O US Dollar Index (DXY), indicador de desempenho do dólar ante seis moedas, caiu 1,4% neste mês e voltou ao patamar de 102 pontos, o menor observado desde janeiro. Enfraquecido em reação à perspectiva de queda do juro, o dólar se reflete na taxa de câmbio de outros países – caso do real que valorizou mais de 6% frente à máxima de R$ 5,80 observada no início de agosto.
Mas a torcida de economistas internacionais pela flexibilização monetária vai além porque, mais branda, a inflação poderá passar para a política fiscal, o “bastão” de maior preocupação dos bancos centrais. Tema que tem sido preterido em discussões públicas, mas que se impõe às vésperas da eleição presidencial nos EUA.

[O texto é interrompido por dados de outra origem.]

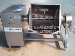 横轴搅拌炒锅的U形锅体顶部抽真空,夹套采用蒸汽加热,无段变速与蜗轮、减速机的组合传动,增大了横轴搅拌的办矩,采用聚四氟乙烯材质刮板的搅拌器,在物料的翻滚搅拌过程中,搅拌器与锅体的全方位充分接触,确保了无搅拌死角。锅体的开盖、卸料、复位采用液压、机械传动控制,操作极为方便。真空炒制可降低炒制温度,特别适应于热敏原料的炒制,避免了因过度受热引起颜色及口味的劣化,保持了原料原有的色、香、味。提高了炒制效率,并降低了能耗,缩短了炒制时间。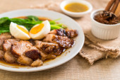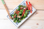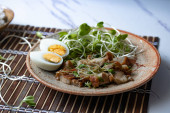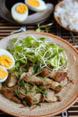 Słonecznik smażony z chrupiącą wieprzowiną z gotowanym jajkiem i ryżem na parze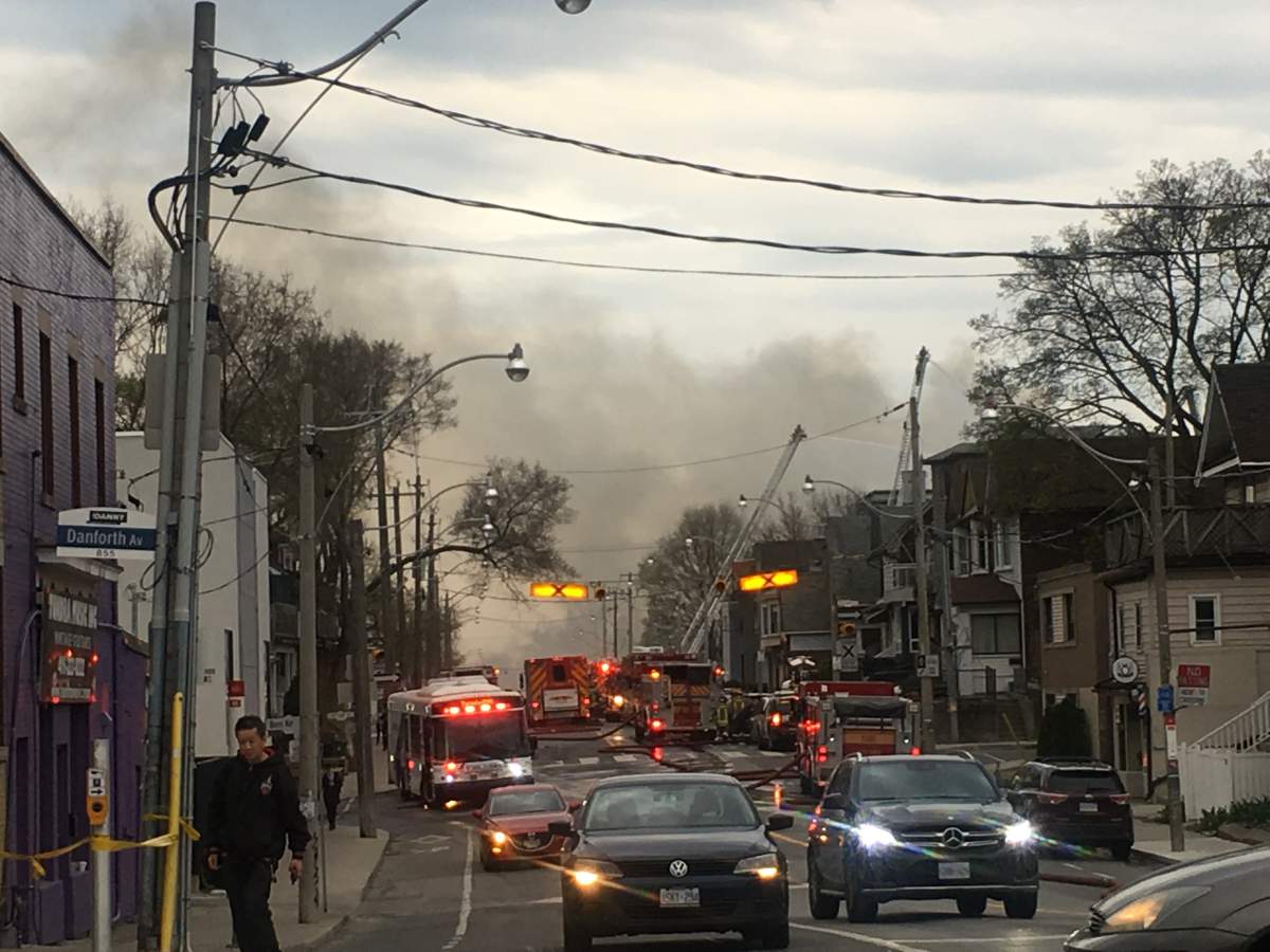 “This is a very challenging fire for our crews. There is very, very heavy smoke emanating and there are flames coming through the roof, which creates some additional hazards for our crews,” Toronto Fire Services Chief Matthew Pegg told reporters early Monday evening.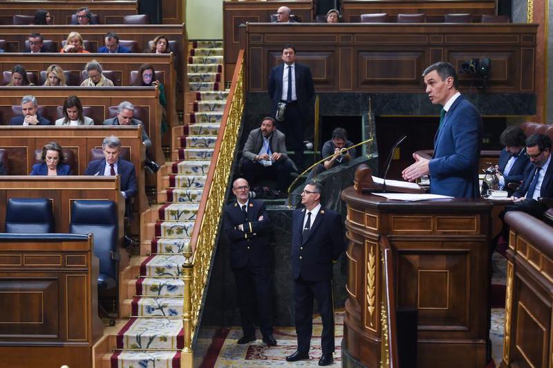 Perdana Menteri Spanyol Pedro Sanchez berbicara di hadapan Kongres Spanyol di Madrid, Spanyol, pada 26 Maret 2025. (Xinhua/Gustavo Valiente)

Perspectivas e expectativas fiscais estarão à mercê das plataformas eleitorais e as propostas para a política fiscal vão repercutir de forma mais evidente na capacidade de financiamento do governo, no retorno dos Treasuries e no dólar. Em julho, o déficit orçamentário dos EUA alcançou US$ 244 bilhões; em 10 meses US$ 1,517 trilhão. E deve fechar o ano colado em US$ 2 trilhões – alta de 27%, segundo o Escritório de Orçamento do Congresso americano.
No Brasil, as contas públicas não saem do radar do mercado que seguirá atento, nos próximos dias, ao possível encaminhamento ao Congresso do Projeto de Lei Orçamentária de 2025, cujo deadline é 31 de agosto.
Nos últimos dias, porém, a política monetária sobrepujou a fiscal graças, sobretudo, à ampla exposição de dirigentes do Banco Central (BC) capitaneada por Roberto Campos Neto e Gabriel Galípolo, respectivamente, presidente da instituição e o seu mais provável sucessor a partir de 1º de janeiro de 2025.
Declarações de ambos – combinadas à melhora do humor externo a despeito do agravamento de riscos geopolíticos – frearam a deterioração de preço dos ativos. O compromisso com a meta fiscal e com o aumento do juro, se necessário, reiterado por ambos foi decodificado pelo mercado e agradou. A transição na presidência do BC já está em curso. E pacificamente.